REQUIREMENT
Return only the lines of the data below from the line with "İzmir Bornova Jandarma" up to and including the line with "Collection of US", exactly as written, with the pictures omitted.

STUDY MATERIAL

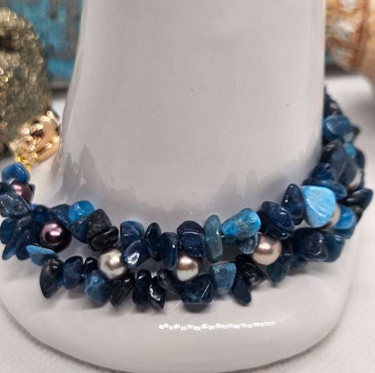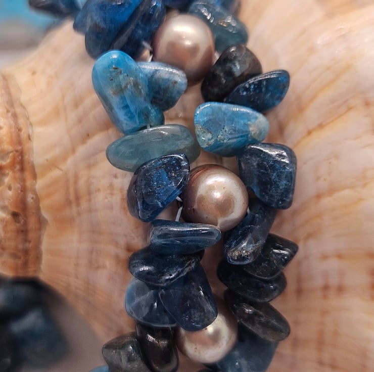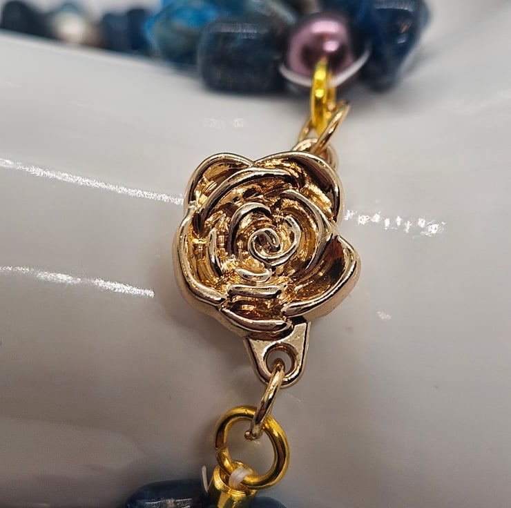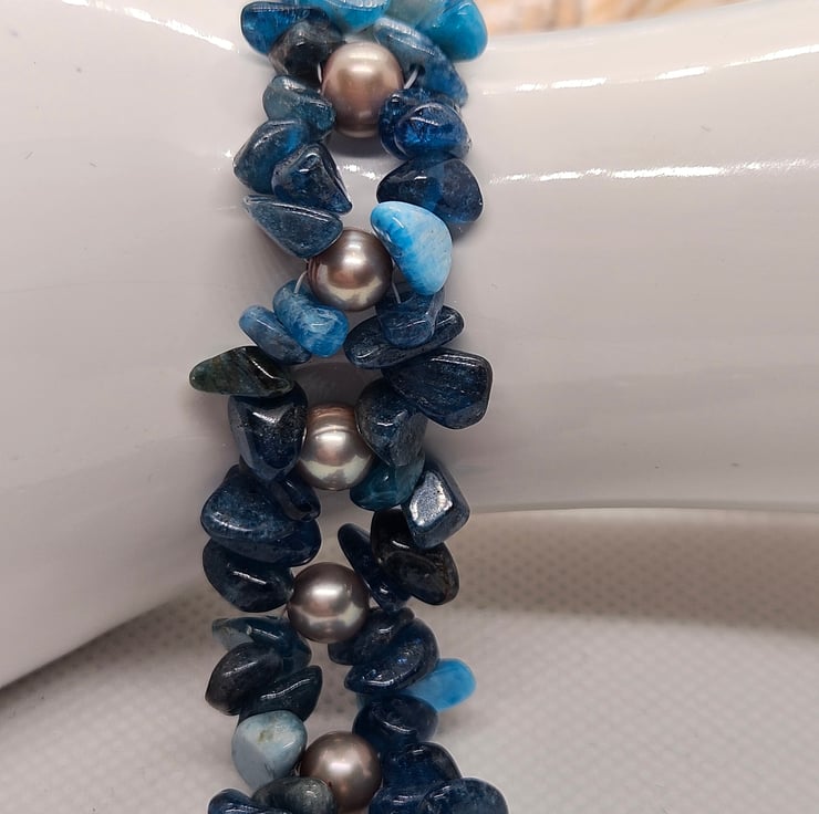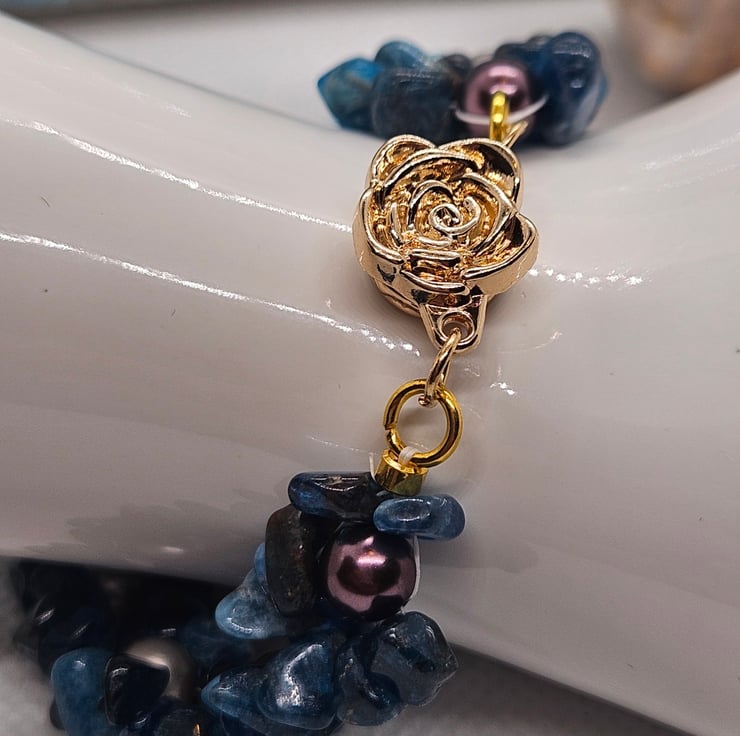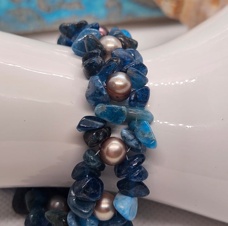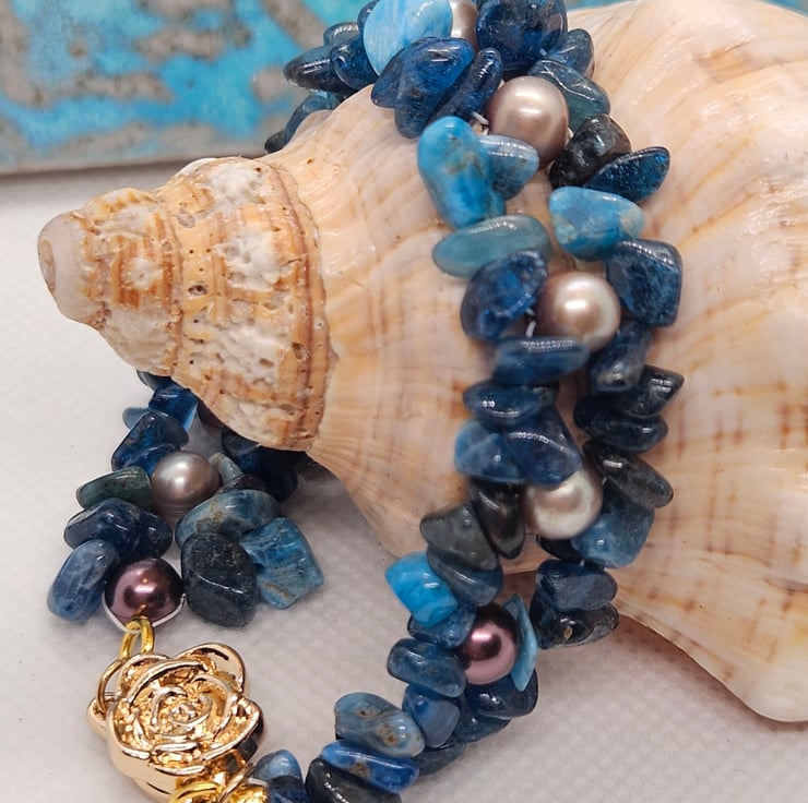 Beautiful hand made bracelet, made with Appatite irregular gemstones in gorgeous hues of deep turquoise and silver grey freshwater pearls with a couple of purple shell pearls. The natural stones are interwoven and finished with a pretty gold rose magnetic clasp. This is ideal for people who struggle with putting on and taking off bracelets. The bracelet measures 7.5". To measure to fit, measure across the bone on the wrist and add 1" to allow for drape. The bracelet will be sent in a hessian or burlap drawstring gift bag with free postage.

---

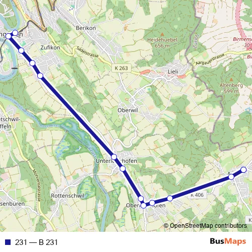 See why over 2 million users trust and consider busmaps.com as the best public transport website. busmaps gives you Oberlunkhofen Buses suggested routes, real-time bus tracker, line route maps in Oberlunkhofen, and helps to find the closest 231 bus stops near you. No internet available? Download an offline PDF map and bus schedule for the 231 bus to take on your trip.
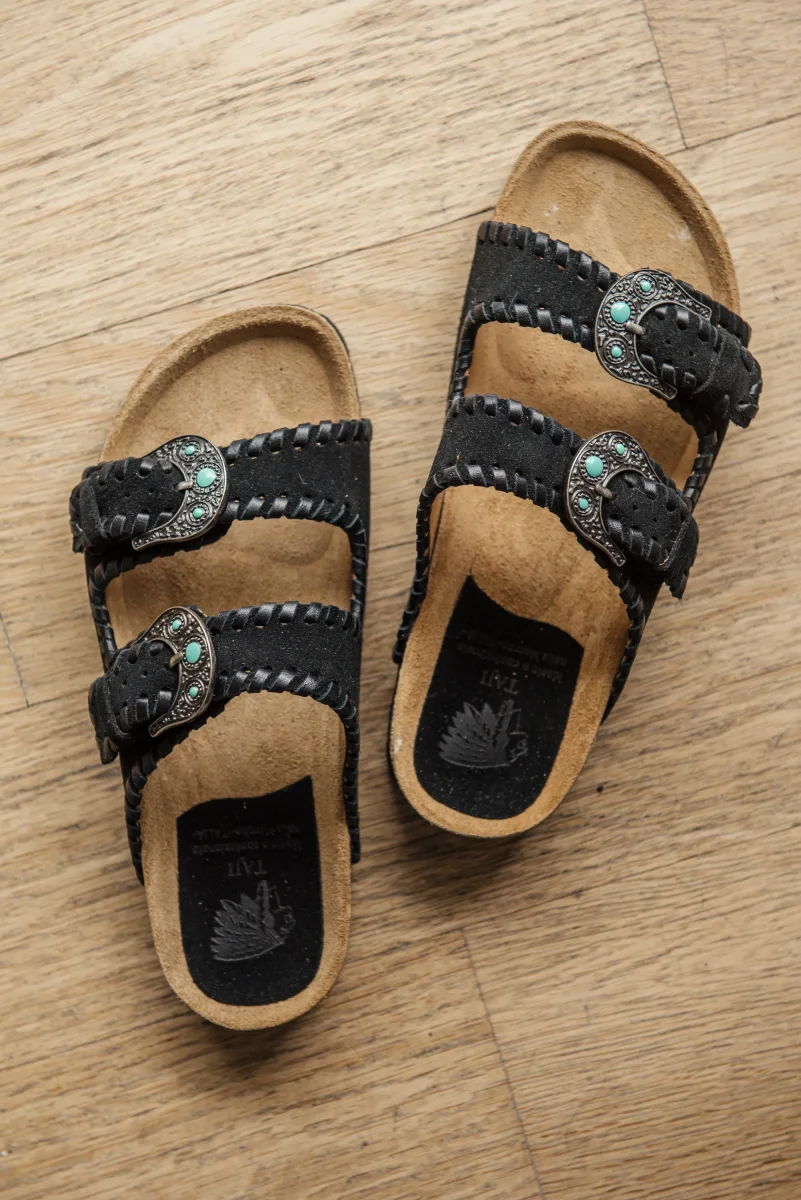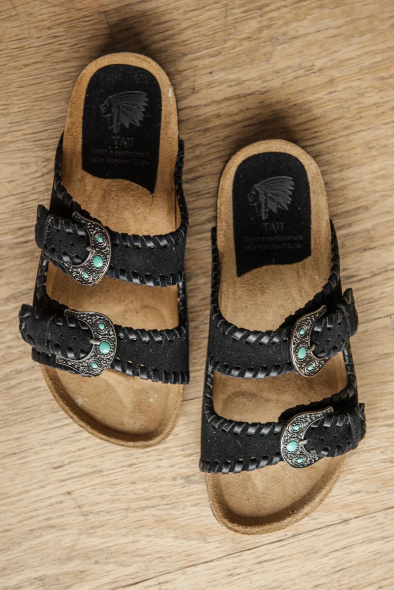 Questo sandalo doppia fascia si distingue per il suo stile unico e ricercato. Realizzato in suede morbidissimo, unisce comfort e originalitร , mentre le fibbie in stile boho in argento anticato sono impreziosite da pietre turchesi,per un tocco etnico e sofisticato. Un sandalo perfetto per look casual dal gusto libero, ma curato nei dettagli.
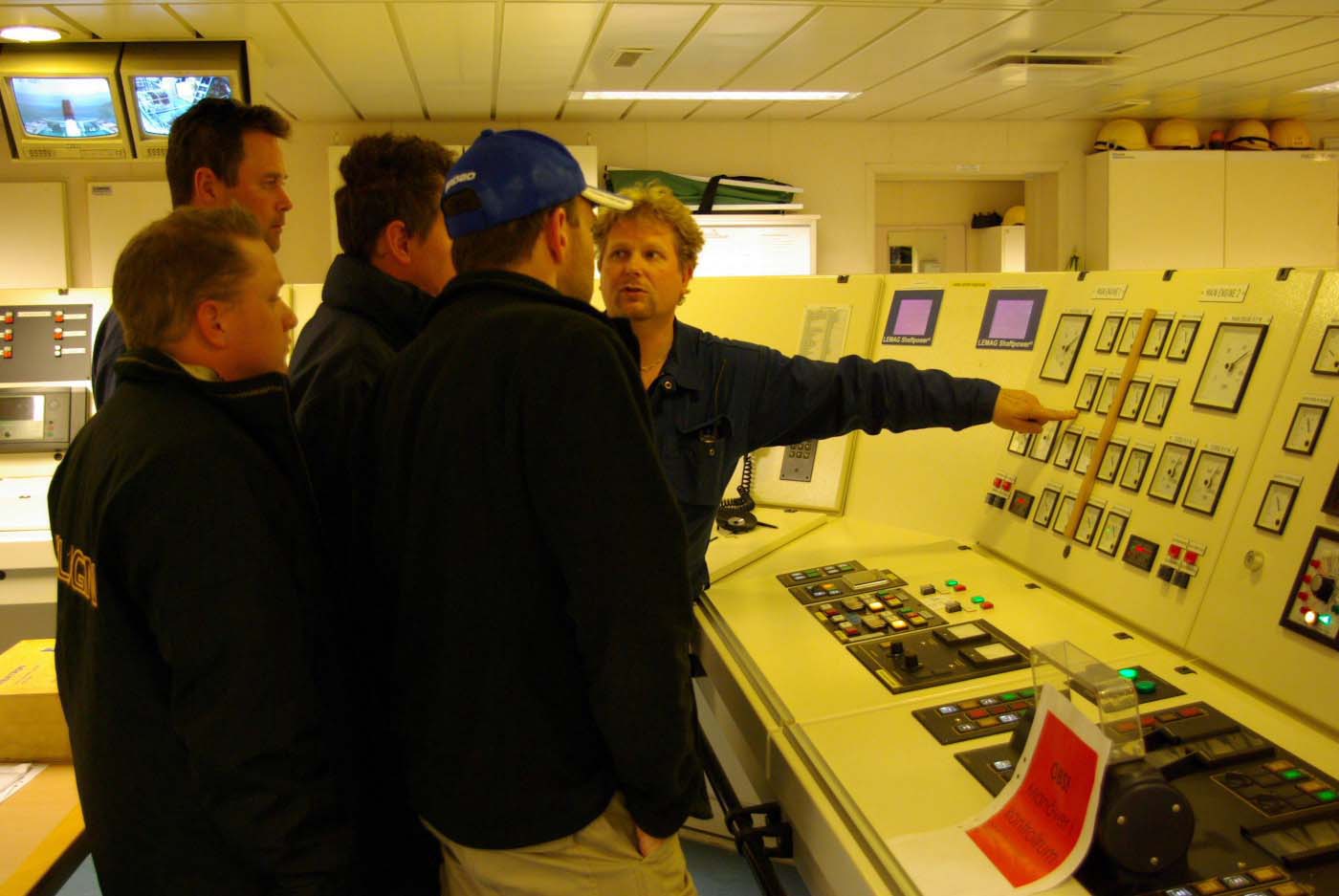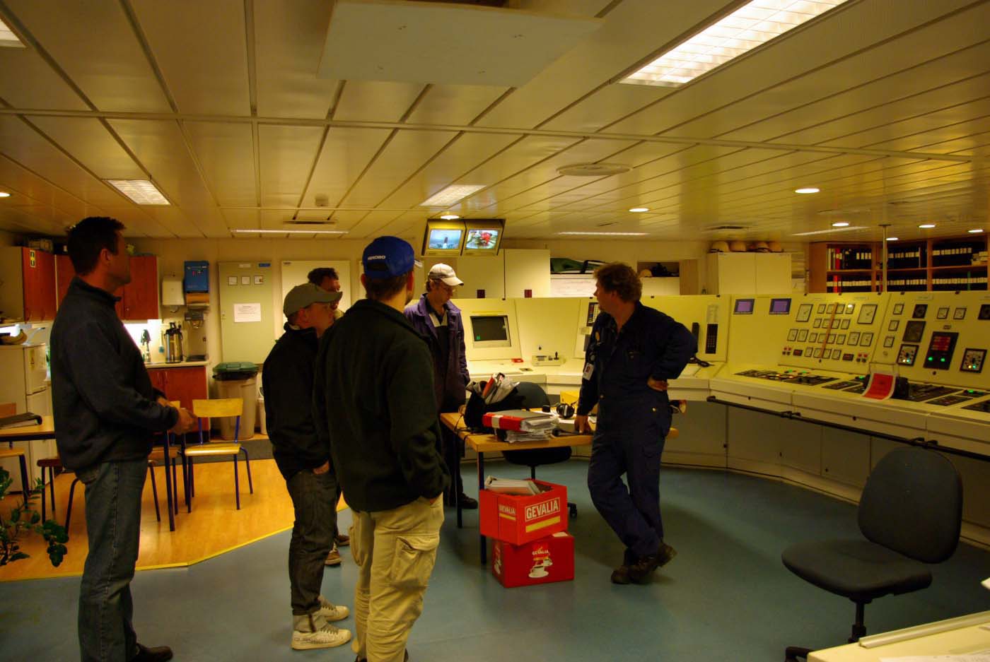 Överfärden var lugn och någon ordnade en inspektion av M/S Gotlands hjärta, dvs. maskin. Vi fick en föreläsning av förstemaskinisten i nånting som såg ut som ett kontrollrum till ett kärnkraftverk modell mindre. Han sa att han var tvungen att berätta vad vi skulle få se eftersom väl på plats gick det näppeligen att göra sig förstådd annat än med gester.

* * *

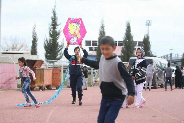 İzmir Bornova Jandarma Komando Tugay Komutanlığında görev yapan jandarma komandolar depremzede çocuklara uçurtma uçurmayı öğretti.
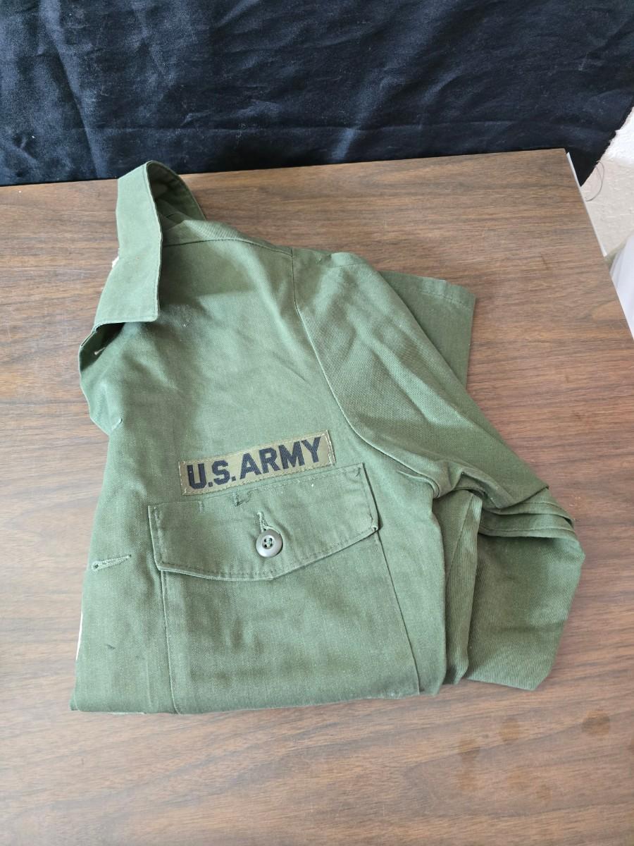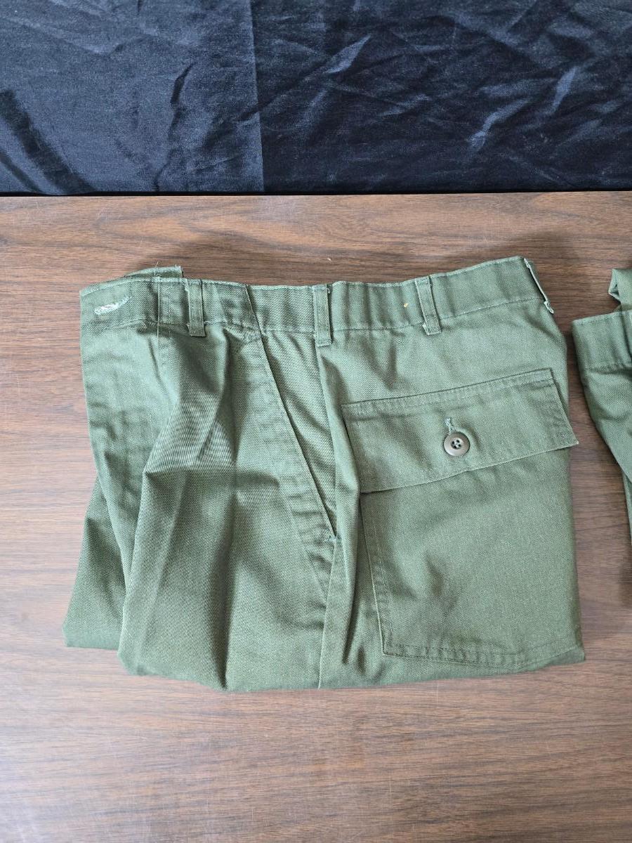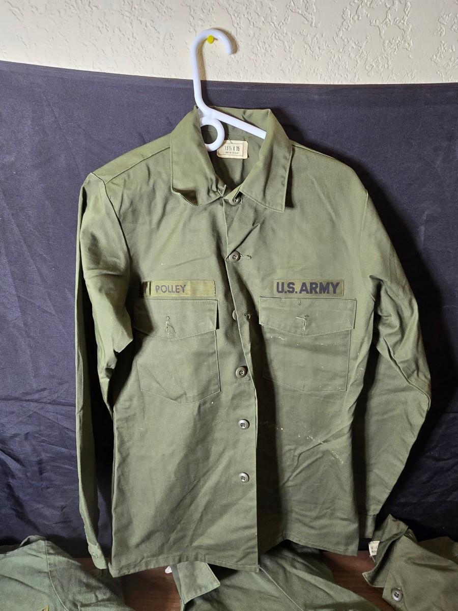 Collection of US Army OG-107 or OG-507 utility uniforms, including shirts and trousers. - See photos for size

OUTPUT
 İzmir Bornova Jandarma Komando Tugay Komutanlığında görev yapan jandarma komandolar depremzede çocuklara uçurtma uçurmayı öğretti.
 Collection of US Army OG-107 or OG-507 utility uniforms, including shirts and trousers. - See photos for size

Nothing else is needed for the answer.